Inbound request arrives at proxy
  → Parse Authorization: Claw <AIT>
  → Verify AIT signature (needs registry signing keys — cached 1hr)
  → Check CRL for revocation (needs registry CRL endpoint — cached with TTL)
  → Verify PoP (X-Claw-Timestamp + X-Claw-Nonce + X-Claw-Signature)
  → Check nonce for replay (in-memory cache)
  → Assert agent is known/trusted (trust store — D1/KV)
  → Validate agent access token (POST to registry /v1/auth/agent/validate — NO cache)
  → Route to handler

Issues

🔴 P0: Registry is a single point of failure

File: apps/proxy/src/auth-middleware.ts

Every authenticated request requires the registry for at least one of:

  • Signing keys fetch (/.well-known/claw-keys.json)
  • CRL fetch (/v1/crl)
  • Agent access token validation (/v1/auth/agent/validate) — called on every /hooks/agent and /relay/connect request with NO caching

If registry.clawdentity.com goes down, ALL proxies return 503 on every request. Every agent-to-agent message globally stops.

The agent access validation call (line ~520) is the worst offender — it is never cached and hits the registry synchronously on every single request.

Fix:

  1. Cache agent access validation with short TTL (30-60s). Same access token + agentDid + aitJti = same result within TTL window
  2. Circuit breaker on registry calls: after N consecutive failures (e.g., 5), open circuit for M seconds (e.g., 30s). During open circuit, use cached/stale data with degraded trust
  3. Stale-while-revalidate for signing keys: serve cached keys even if refresh fails, with a maximum staleness window (e.g., 24 hours)
  4. Local fallback for CRL: if registry CRL is unavailable AND cache is stale beyond max age, make a policy decision (fail-open with logging vs fail-closed). Current staleBehavior config handles this partially but the signing keys path does not

🔴 P0: Agent access validation has zero caching

File: apps/proxy/src/auth-middleware.ts (lines ~510-545)

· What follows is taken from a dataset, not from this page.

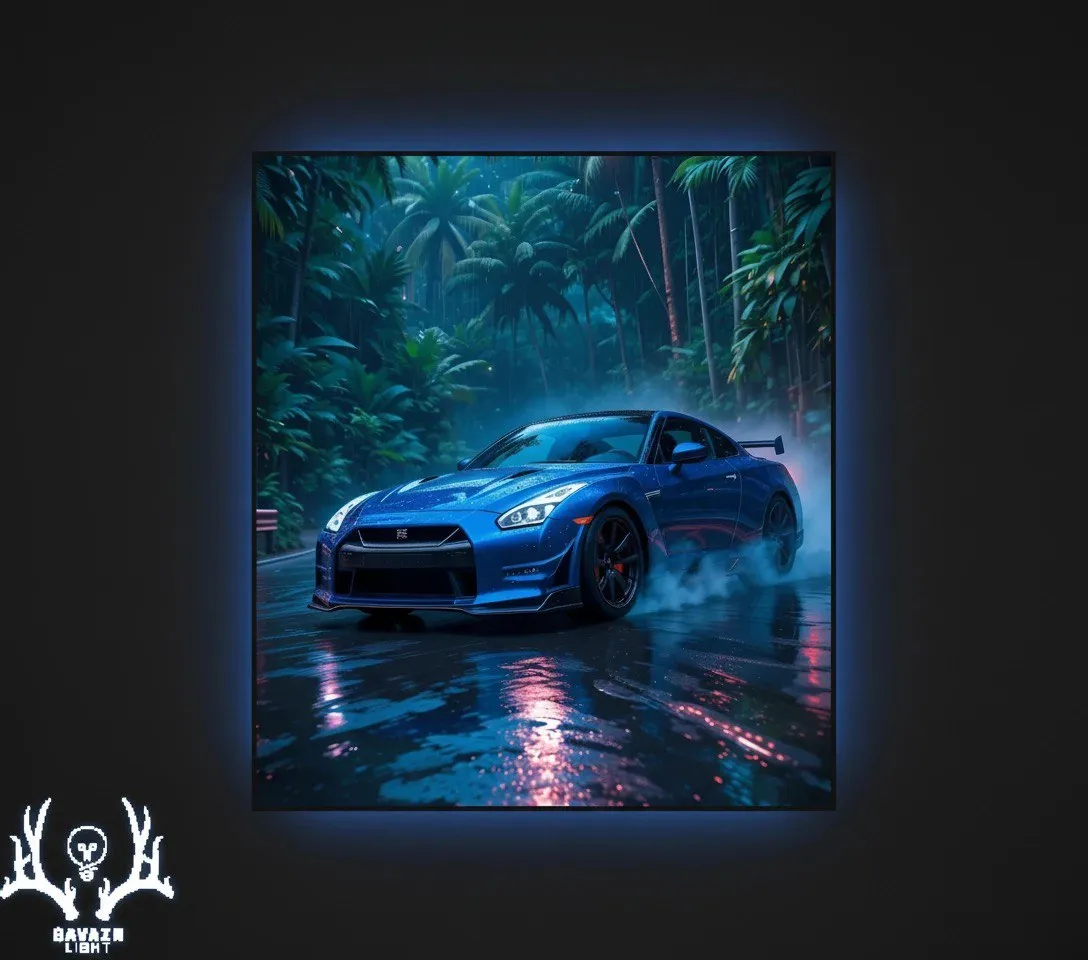 این تابلو بکلایت نمایی پرقدرت از **Nissan GT‑R** آبی تیره را در جادهای بارانی میان جنگلهای استوایی به تصویر کشیده است. برگهای نخل و مه نمناک در پسزمینه، فضای مرطوب و سنگین را القا کرده و انعکاس سطح خیس آسفالت، درخشش نئونهای سرد و جزئیات خطوط بدنه را دوچندان کرده است. زاویهی سهربع جلو با تایرهای خیس و بخار اسپرت ناشی از شتاب خودرو، جلوهای سینمایی و پرتنش به اثر داده است.

// This runs on EVERY /hooks/agent and /relay/connect request:
validateResponse = await fetchImpl(agentAuthValidateUrl, {
  method: "POST",
  headers: { ... },
  body: JSON.stringify({ agentDid: claims.sub, aitJti: claims.jti }),
});

This is a synchronous HTTP call to the registry with no caching. Under load, this adds latency to every message and creates a hard dependency on registry availability.

Fix:

  • Cache validation result keyed on (accessToken, agentDid, aitJti) with 30-60s TTL
  • On cache hit, skip the HTTP call
  • On cache miss or expiry, validate and cache result
  • On registry failure with valid cache entry, use cached result with warning log
const cacheKey = `${accessToken}:${claims.sub}:${claims.jti}`;
const cached = agentAccessCache.get(cacheKey);
if (cached && cached.validUntilMs > clock()) {
  // Skip registry call, use cached validation
} else {
  // Validate with registry, cache result
}

🟠 P1: Signing keys cache has no stale-while-revalidate

File: apps/proxy/src/auth-middleware.ts

The signing keys cache checks clock() - fetchedAtMs <= registryKeysCacheTtlMs (1 hour TTL). If the cache expires and the registry is down, the next request gets a hard 503.

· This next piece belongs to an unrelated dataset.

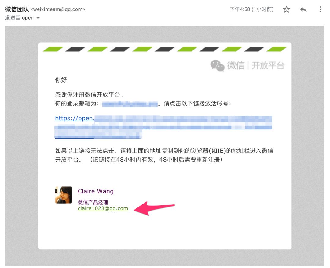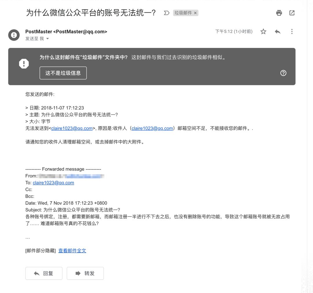 各种微信公众平台,微信商户,微信开放平台,微信小程序乱七八糟十几个邮箱了(很多都是注册到一半,就卡住了,然后也登录不上,也删不了,只能换邮箱)……实在是忍无可忍了,我就看到了微信公众平台的通知邮件里面产品经理的邮箱地址,我就发了一封邮件。本来以为顶多也就是石沉大海,万万没想到,我收到回信了!!!

The CRL cache has staleBehavior config, but signing keys do not. Since keys rotate very rarely (months/years), serving a 2-hour-stale key is far better than failing all auth.

Fix:

  • Add stale-while-revalidate: serve cached keys even after TTL expires, trigger background refresh
  • Add maximum staleness: reject keys only after a hard limit (e.g., 24 hours stale)
  • Log warnings when serving stale keys

🟠 P1: Nonce cache is in-memory — DO eviction loses replay protection

File: apps/proxy/src/auth-middleware.ts

createNonceCache() is an in-memory store. When the Cloudflare Durable Object is evicted (idle timeout, region migration), the nonce cache is lost. Between eviction and re-population, previously-seen nonces are accepted again, opening a replay attack window.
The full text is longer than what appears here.